Hey , im gathering parts for this winters 2014-2015 storage project & I was thinking the Vengeance Racing VRX5 cam 236/238 .601/.605 113+2 LSA & Vengeance Racing Dual Spring Kit- .660 Lift/Titanium Retainers Spring specs are 155 lbs @ 1.780", 380 lbs @ 1.180", 400 lbs @ 1.130, coild bind @ 1.070" also Cloyes Race Billet True Roller Single Row Timing Set w/upgraded extreme duty z chain .Melling Hi Volume Oil Pump .... ARP Camshaft Retainer Plate Bolt Kit ,ARP Harmonic Balancer Bolt & ARP LS Cam Bolts ..GM LS2 / 3 Front Cover Kit Includes:Cover / Gasket / Seal / Cam Position Sensor .....Anything else im missing or I should upgrade/replace ??? I just want to do this 1 time ! ! !


----------



## Qnko (Jun 8, 2014)

I have a vengeance set up.
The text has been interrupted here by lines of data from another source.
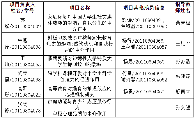 实验心理学 | 咨询心理学 | 高级心理统计 | 教育研习 |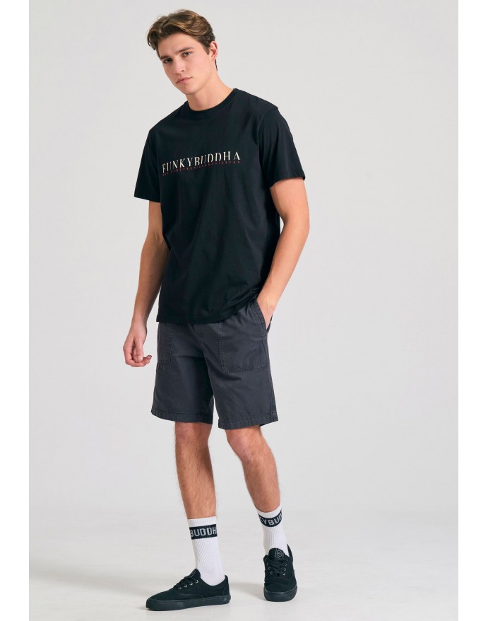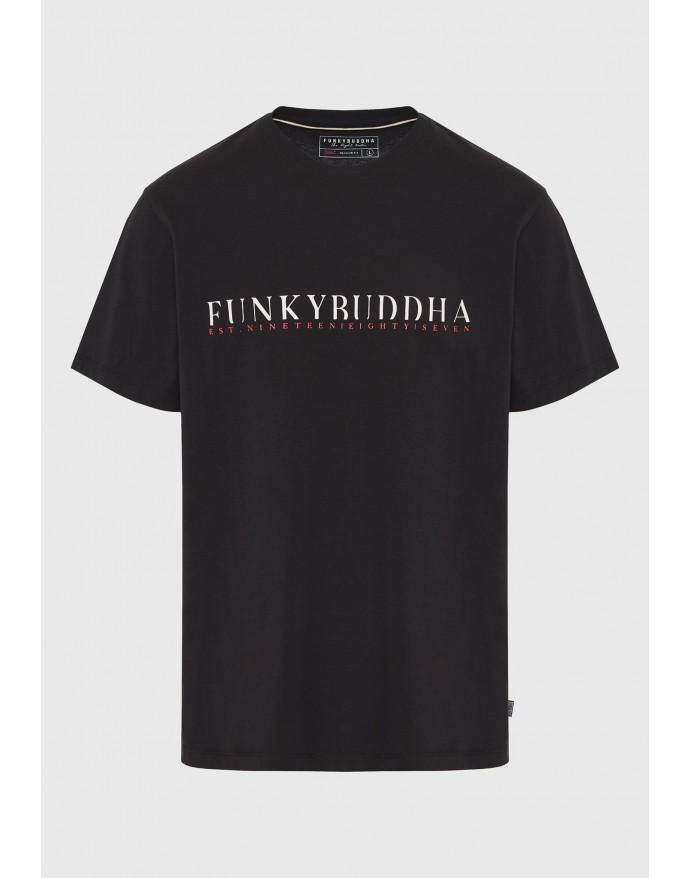 Funky Buddha Ανδρικό T-Shirt με branded τύπωμα στο στήθος Black FBM011-015-04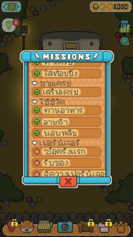 ในเกมยังมี Mission ของแต่ละด่านให้ทำอยู่ เมื่อทำครบแล้วจะสามารถไปด่านต่อไปได้ โดยคลิกไปที่ปุ่ม Get เพื่อดู Mission ด้านบนขวา เมื่อทำ Mission ในด่านแรกครบแล้ว จะสามารถไปยังด่านต่อไปได้ แต่จะต้องเสียค่าที่ 3000! เก็บให้ถึงแล้วลุยโลด เมื่อมาถึงเมืองใหม่เราจะได้พบกับวัตถุดิบใหม่ๆ เมนูใหม่ๆ เฟอร์นิเจอร์ใหม่ๆด้วย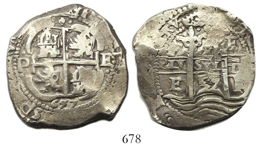 Potosi, Bolivia, cob 8 reales, 1657E, pomegranate at top on both sides. S-P37a; KM-21 ;CT-445. 27.73 grams. Nice full cross, full but slightly doubled pillars, two dates, three mintmarks and assayers, lightly toned AVF.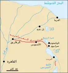 ![]() خريطة تُظهرُ زحف المُسلمين نحو مصر آتين من الشَّام والحجاز | |||||||

Vindicator cam, trickflow heads , fast 102, NW 102. You are missing the rocker arms. Best way is to upgrade the stock ones with a trunion kit. Call them and they will sell you the perfect set up. Also I think that the cam you want is too big and will be limited by the stock heads and intake. Once you change the cam your drivability will suck so you will need gears, once you open the rear end you might as well get a truetrac. Then the clutch will give up so you would need to upgrade. 
Power is very addictive. When I got my car I just wanted a CAI. 2 years and 15,000$ later for parts only ( I did all the work myself) my car is finally ready ( there is nothing more that I can buy). Good luck. If you are on a budget stay bellow 230 duration.


----------